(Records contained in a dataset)
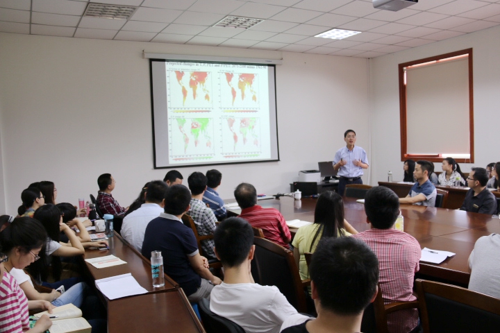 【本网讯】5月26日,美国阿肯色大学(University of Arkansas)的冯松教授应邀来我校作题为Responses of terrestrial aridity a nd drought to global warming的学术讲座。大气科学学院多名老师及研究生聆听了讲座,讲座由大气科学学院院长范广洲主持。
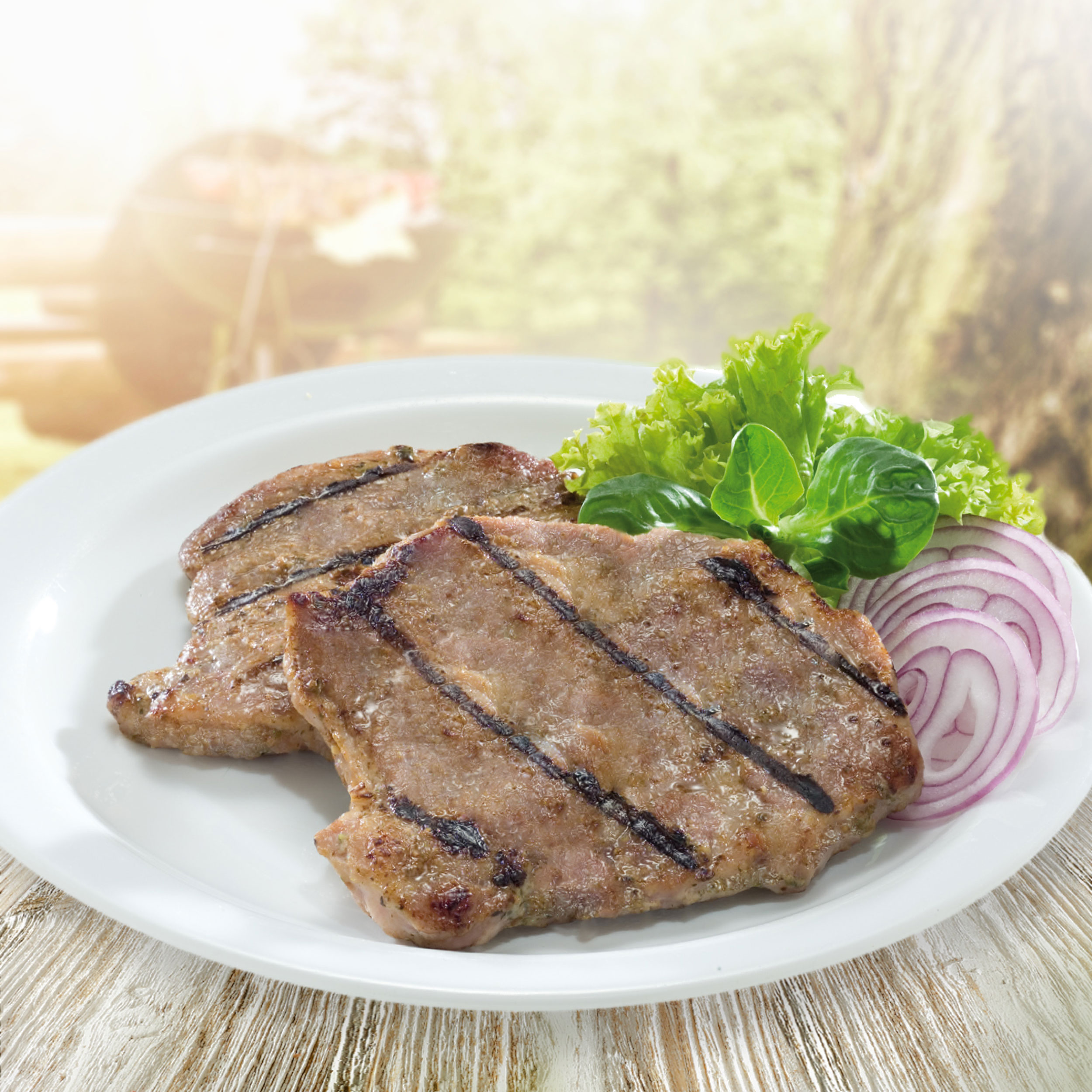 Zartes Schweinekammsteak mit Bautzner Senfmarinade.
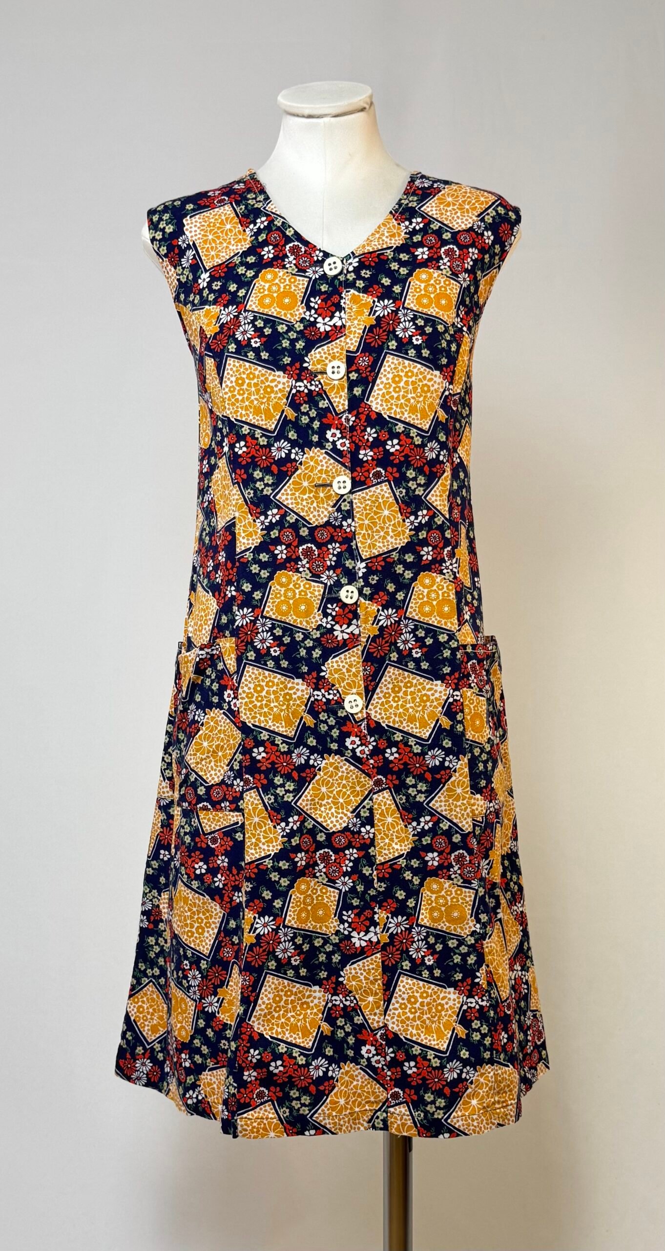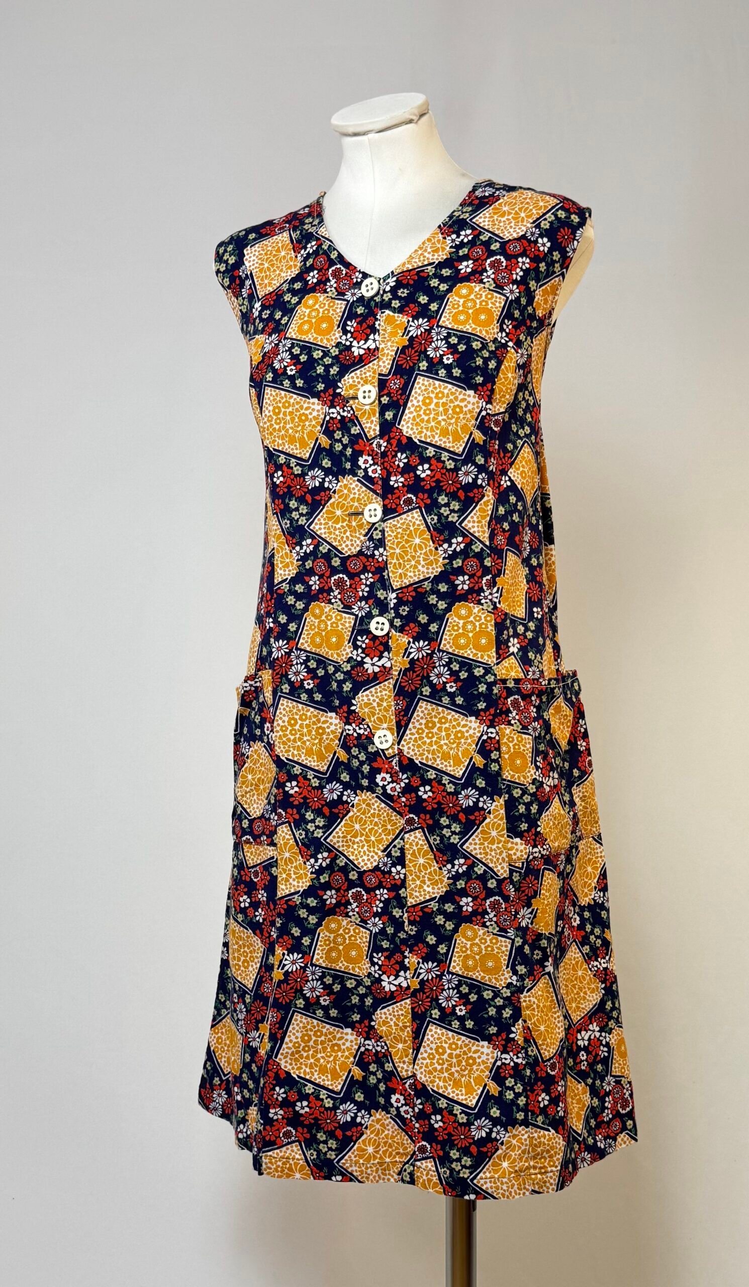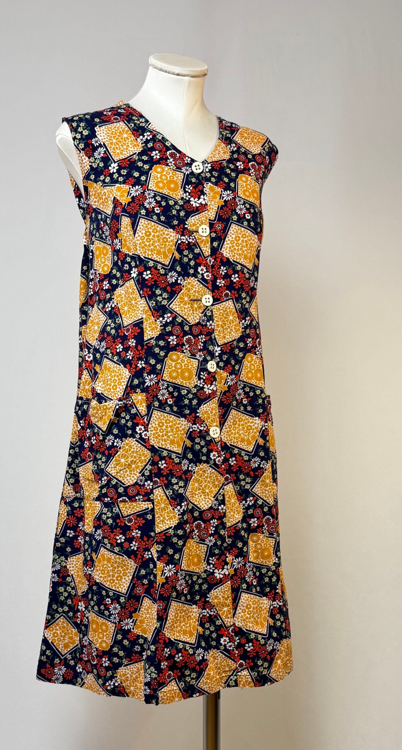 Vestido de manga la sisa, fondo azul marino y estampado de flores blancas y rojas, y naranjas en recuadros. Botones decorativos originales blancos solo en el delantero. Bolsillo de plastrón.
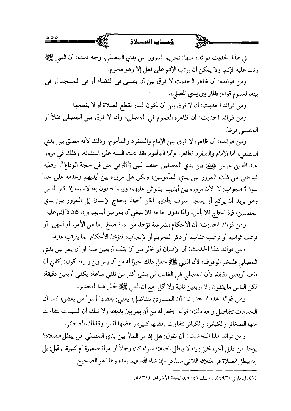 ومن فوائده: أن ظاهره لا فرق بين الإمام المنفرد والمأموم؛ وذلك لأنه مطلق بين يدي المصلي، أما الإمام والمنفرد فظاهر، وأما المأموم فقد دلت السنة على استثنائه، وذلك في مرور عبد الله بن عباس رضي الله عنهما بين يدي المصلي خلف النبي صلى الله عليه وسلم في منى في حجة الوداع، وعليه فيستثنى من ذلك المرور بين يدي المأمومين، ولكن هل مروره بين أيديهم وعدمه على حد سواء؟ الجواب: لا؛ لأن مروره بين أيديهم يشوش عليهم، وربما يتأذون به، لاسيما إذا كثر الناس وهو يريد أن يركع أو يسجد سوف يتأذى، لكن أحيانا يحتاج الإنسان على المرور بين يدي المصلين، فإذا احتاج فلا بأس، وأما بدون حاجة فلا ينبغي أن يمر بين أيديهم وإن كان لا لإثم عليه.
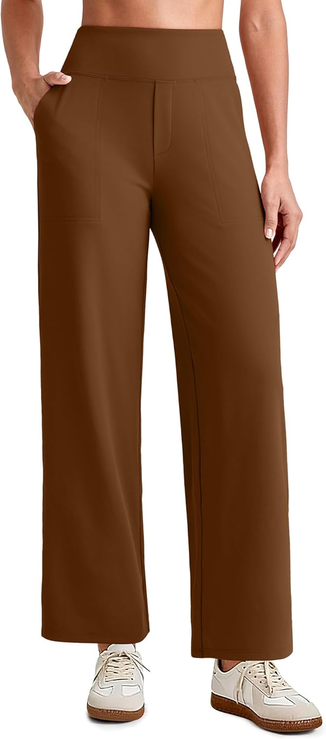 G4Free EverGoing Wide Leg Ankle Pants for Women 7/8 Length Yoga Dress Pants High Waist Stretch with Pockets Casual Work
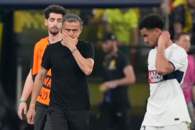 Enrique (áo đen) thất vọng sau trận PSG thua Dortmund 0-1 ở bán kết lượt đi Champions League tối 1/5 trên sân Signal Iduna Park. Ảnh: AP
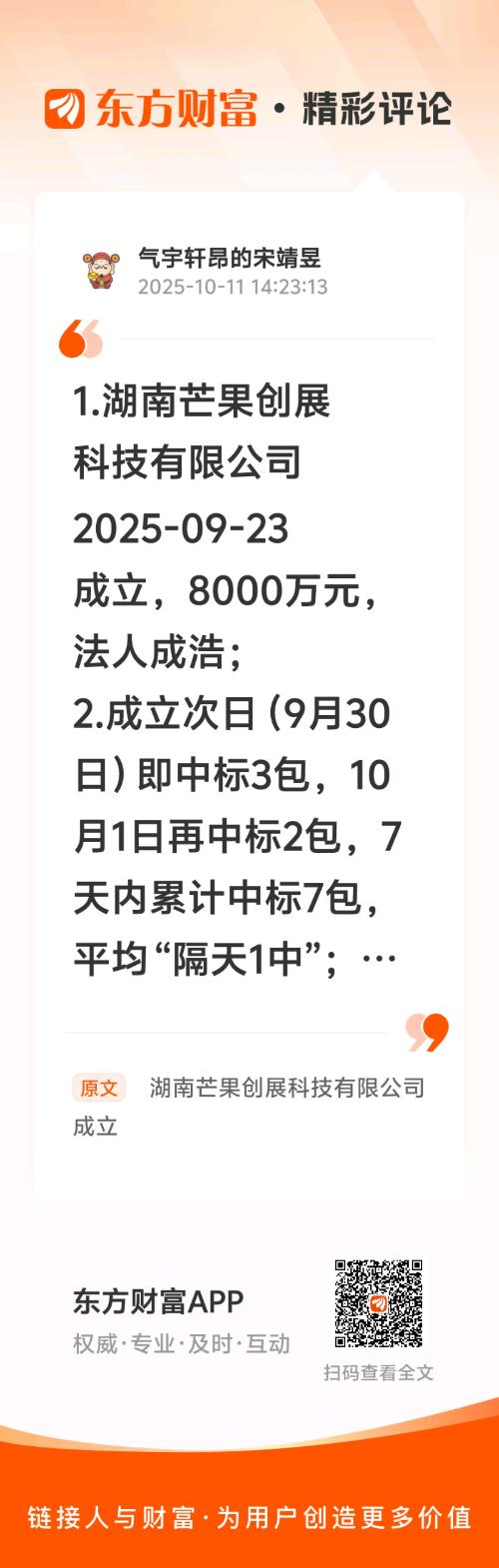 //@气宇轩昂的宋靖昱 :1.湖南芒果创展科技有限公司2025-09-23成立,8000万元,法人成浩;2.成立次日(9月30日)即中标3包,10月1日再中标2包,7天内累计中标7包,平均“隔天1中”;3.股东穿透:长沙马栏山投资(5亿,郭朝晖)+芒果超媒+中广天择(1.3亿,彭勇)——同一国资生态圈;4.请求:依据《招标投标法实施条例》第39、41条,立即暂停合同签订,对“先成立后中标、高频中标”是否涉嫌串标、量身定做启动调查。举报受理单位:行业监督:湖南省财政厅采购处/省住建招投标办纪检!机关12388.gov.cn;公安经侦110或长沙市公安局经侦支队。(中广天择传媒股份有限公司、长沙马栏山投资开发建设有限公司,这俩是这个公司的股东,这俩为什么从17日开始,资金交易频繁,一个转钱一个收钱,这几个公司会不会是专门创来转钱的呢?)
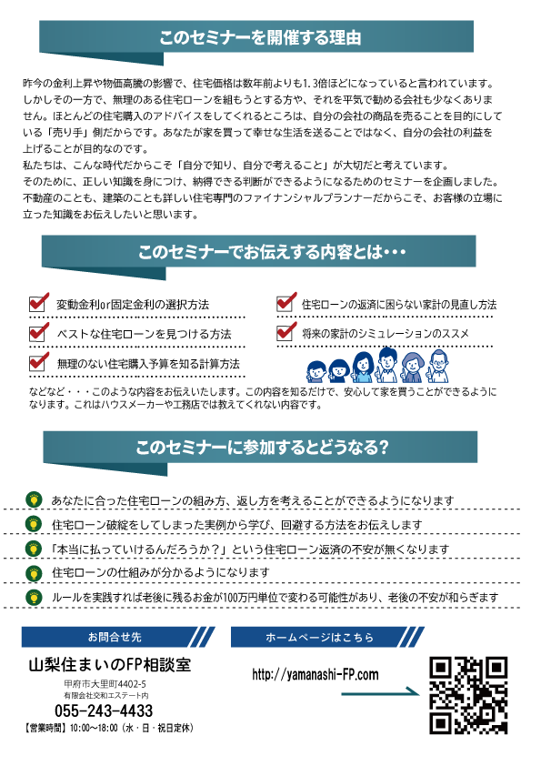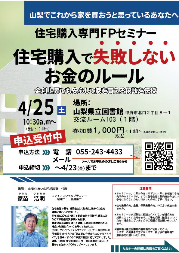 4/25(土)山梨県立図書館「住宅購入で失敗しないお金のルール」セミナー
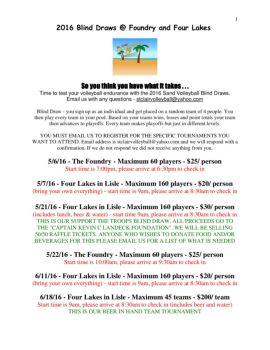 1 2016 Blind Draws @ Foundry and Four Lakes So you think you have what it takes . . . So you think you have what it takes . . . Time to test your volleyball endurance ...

# Required action
Every record is to be reproduced exactly, with no pictures included.

# Completed task
 【本网讯】5月26日,美国阿肯色大学(University of Arkansas)的冯松教授应邀来我校作题为Responses of terrestrial aridity a nd drought to global warming的学术讲座。大气科学学院多名老师及研究生聆听了讲座,讲座由大气科学学院院长范广洲主持。
 Zartes Schweinekammsteak mit Bautzner Senfmarinade.
 Vestido de manga la sisa, fondo azul marino y estampado de flores blancas y rojas, y naranjas en recuadros. Botones decorativos originales blancos solo en el delantero. Bolsillo de plastrón.
 ومن فوائده: أن ظاهره لا فرق بين الإمام المنفرد والمأموم؛ وذلك لأنه مطلق بين يدي المصلي، أما الإمام والمنفرد فظاهر، وأما المأموم فقد دلت السنة على استثنائه، وذلك في مرور عبد الله بن عباس رضي الله عنهما بين يدي المصلي خلف النبي صلى الله عليه وسلم في منى في حجة الوداع، وعليه فيستثنى من ذلك المرور بين يدي المأمومين، ولكن هل مروره بين أيديهم وعدمه على حد سواء؟ الجواب: لا؛ لأن مروره بين أيديهم يشوش عليهم، وربما يتأذون به، لاسيما إذا كثر الناس وهو يريد أن يركع أو يسجد سوف يتأذى، لكن أحيانا يحتاج الإنسان على المرور بين يدي المصلين، فإذا احتاج فلا بأس، وأما بدون حاجة فلا ينبغي أن يمر بين أيديهم وإن كان لا لإثم عليه.
 G4Free EverGoing Wide Leg Ankle Pants for Women 7/8 Length Yoga Dress Pants High Waist Stretch with Pockets Casual Work
 Enrique (áo đen) thất vọng sau trận PSG thua Dortmund 0-1 ở bán kết lượt đi Champions League tối 1/5 trên sân Signal Iduna Park. Ảnh: AP
 //@气宇轩昂的宋靖昱 :1.湖南芒果创展科技有限公司2025-09-23成立,8000万元,法人成浩;2.成立次日(9月30日)即中标3包,10月1日再中标2包,7天内累计中标7包,平均“隔天1中”;3.股东穿透:长沙马栏山投资(5亿,郭朝晖)+芒果超媒+中广天择(1.3亿,彭勇)——同一国资生态圈;4.请求:依据《招标投标法实施条例》第39、41条,立即暂停合同签订,对“先成立后中标、高频中标”是否涉嫌串标、量身定做启动调查。举报受理单位:行业监督:湖南省财政厅采购处/省住建招投标办纪检!机关12388.gov.cn;公安经侦110或长沙市公安局经侦支队。(中广天择传媒股份有限公司、长沙马栏山投资开发建设有限公司,这俩是这个公司的股东,这俩为什么从17日开始,资金交易频繁,一个转钱一个收钱,这几个公司会不会是专门创来转钱的呢?)
 4/25(土)山梨県立図書館「住宅購入で失敗しないお金のルール」セミナー
 1 2016 Blind Draws @ Foundry and Four Lakes So you think you have what it takes . . . So you think you have what it takes . . . Time to test your volleyball endurance ...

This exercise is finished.